The fresh food value chain is complex and the journey of fruits and vegetables from farm to fork involves many stakeholders. Suppliers aren’t able to track their products after their customers receive them. That’s why it’s important to connect product data between all parties and why blockchain is expected to be so useful in the future. The best shelf life prediction solutions, like OneThird’s, have a cloud platform where you can analyze objective product lifecycle data. This data is key to improving freshness management.
For technological solutions, it is typically best to have them fit into your existing processes where possible. This reduces complexity and improves utility. Obviously, your employees aren’t currently holding a handheld shelf life scanner to a set sample of products yet. So you may add some steps. However, the steps you add should all contribute to labor and food waste savings. It can even remove some steps to simplify your processes (like static shelf life testing). Because shelf life prediction technology is so flexible, it can often be “plugged in” to your existing procedures.
At the core of shelf life predictions are algorithms that analyze multiple data sources. By adding more data sources, these algorithms can become more accurate and give a more complete picture of a product’s lifecycle. For example, adding temperature/humidity data to an algorithm based mainly on spectroscopy can account for shipping conditions more holistically. Because this technology is so new, this hasn’t been done much yet in the industry. However, this is a logical next step and one that is on the roadmap for most companies.
OneThird’s mission is to become the objective quality standard from farm to fork. As Friends of Champions 12.3, we are working to halve global food loss and waste by 2030. We offer handheld spectroscopy scanners, shelf life algorithms, and a cloud platform for analyzing data. We develop customized shelf life prediction solutions so any business in the value chain can reduce food waste, improve freshness, and save money.

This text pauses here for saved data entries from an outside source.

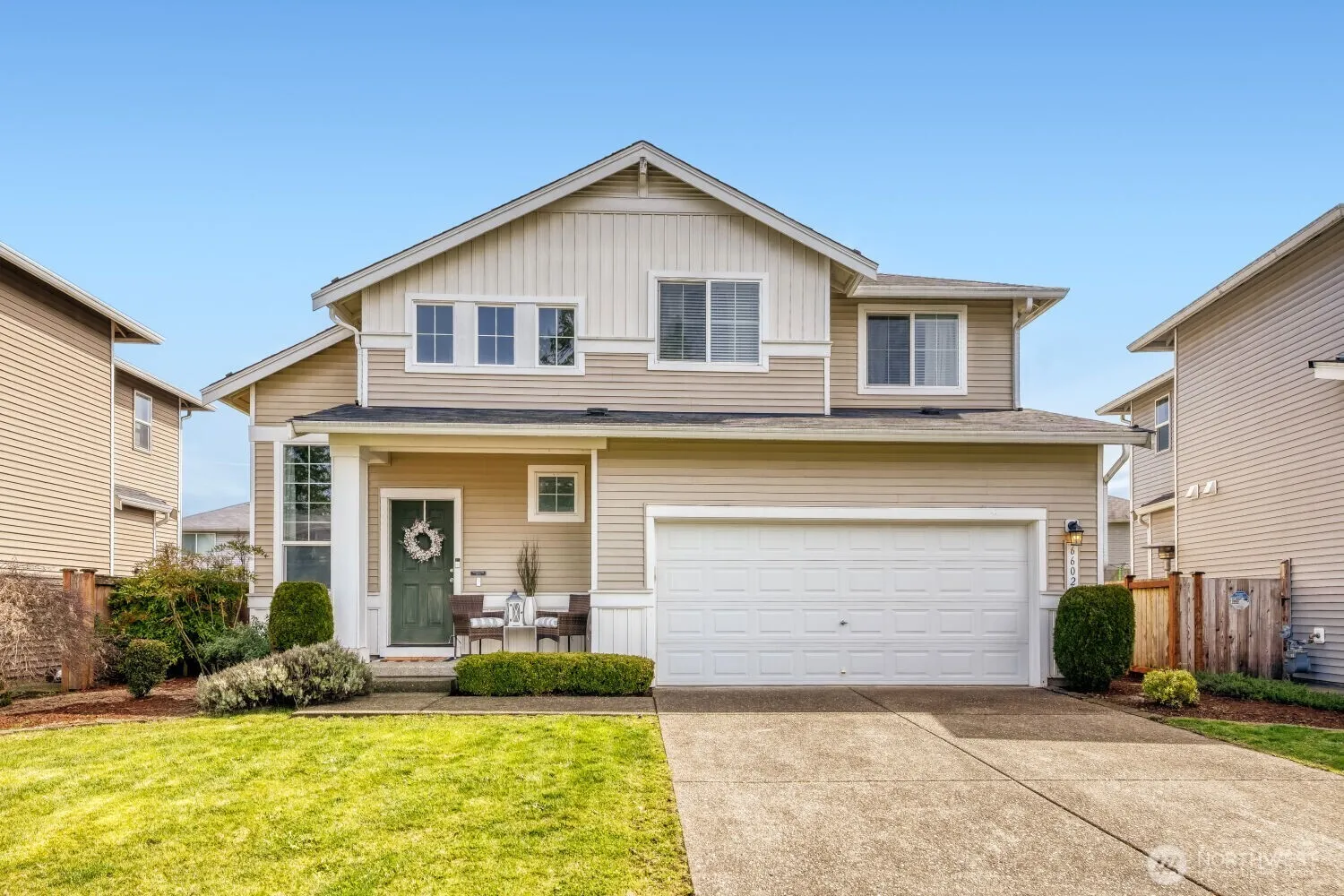 Meticulously maintained home in North Tapps Estates, ideally located in the highly sought-after Dieringer School District. This light-filled home features vaulted ceilings, gleaming floors, air conditioning, and a warm, inviting living room with a gas fireplace that is perfect for cozy evenings or entertaining guests. Pride of ownership is evident throughout. Upstairs you will find a spacious primary suite with ensuite bath, along with two additional bedrooms and a full bath. The level fully fenced yard is designed for enjoyment, with a large deck and charming cabana ideal for outdoor gatherings. Perfectly positioned between scenic Lake Tapps and Lakeland Hills, this home offers exceptional access to parks, shopping, dining, trails, playgrounds, and endless recreation. Enjoy being just moments from Lakeland Hills Town Center, waterfront park access, wildlife, and major commuting routes, with skiing, hiking, and camping all within an hour.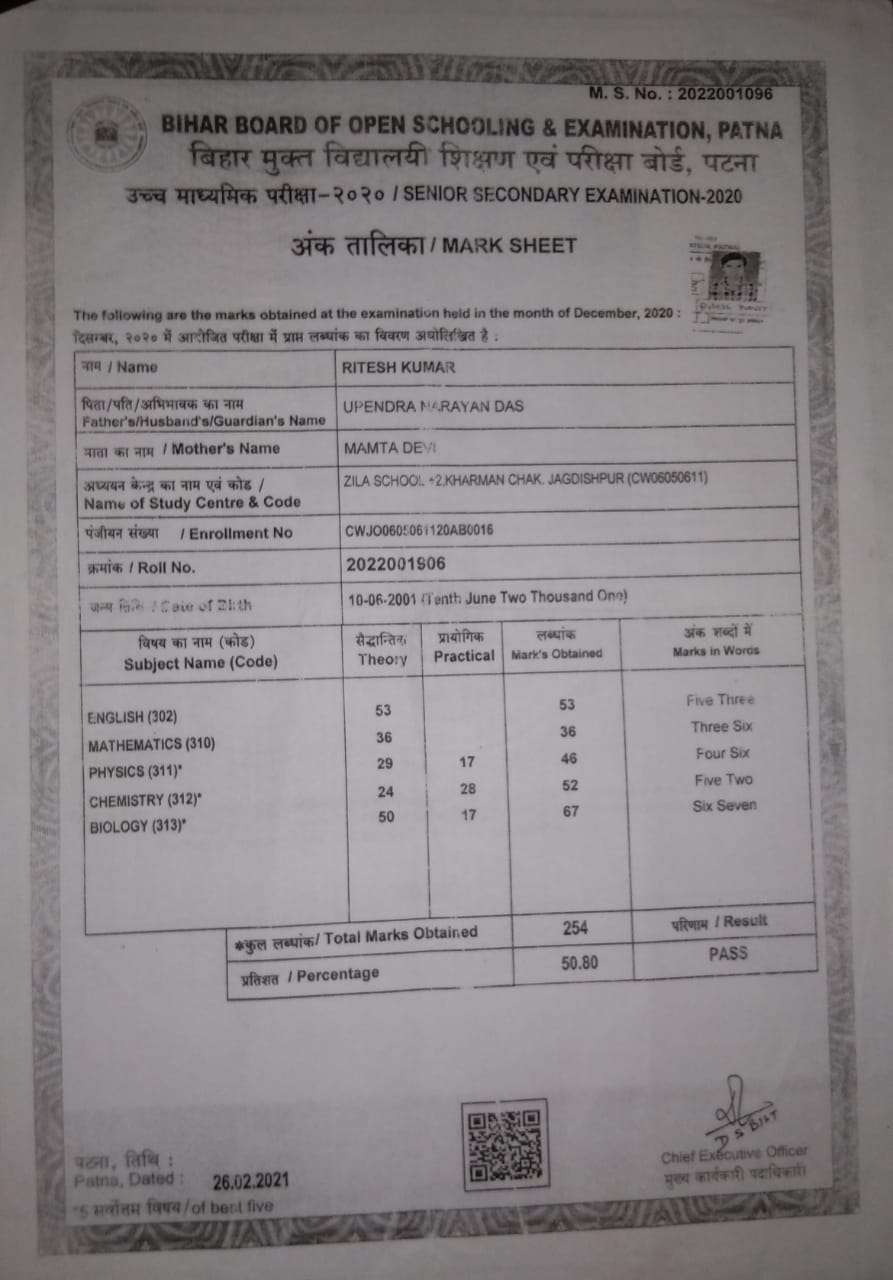 | Exam | Full Marks | Pass Marks | Marks Obtained |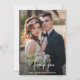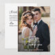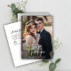 Un carte de remerciements mariage avec une photo de bord à bord du couple. Avant de la carte inclut une simple déclaration de remerciement et les noms combinés du couple. Le dos présente un message simple et chaleureux, mêlant écriture et typographie minimaliste. Le design est entièrement personnalisable. Contactez-nous pour obtenir de l'aide pour personnaliser ou customiser vos besoins. Nous sommes ici pour aider !
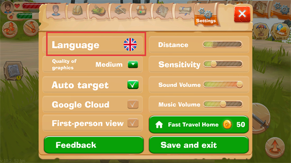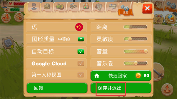 3、将语言切换为中文后,点击保存并退出按钮,应用设置并返回游戏主界面,界面文字变为中文。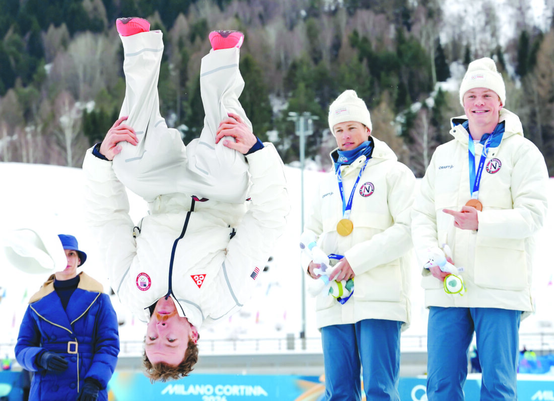 Silver medalist Ben Ogden of the United States does a back flip from the podium while gold medalist Johannes Hoesflot Klaebo of Norway and bronze medalist Oskar Opstad Vike, also of Norway, right, look on after the cross-country skiing men's sprint classic at the 2026 Winter Olympics in Tesero, Italy, on Tuesday. (AP photo)

With thin margins in the fresh food industry, automation is a straightforward way of reducing costs. With shelf life prediction, you can automate several processes. This may include sorting lines, shipping allocations, and quality assessments.
The goal of any quality measurement is to ensure customers receive a good product. When it comes to food, customers care just as much about taste and nutrition as they do freshness and physical appearance. It’s possible that in the future, there will be reliable technology to give objective measurements for taste and nutrition. Produce suppliers can then measure these two metrics to ensure they have the happiest possible customers.
Like the computer in the ’80s, once a technology is proven to work and seen as useful then it can move into the consumer space. The same might apply for shelf life prediction. Shoppers may soon have handheld spectrometers they can use in a supermarket to assess fresh produce. Retailers will have more demand to provide the best taste, nutrition, and freshness as a result.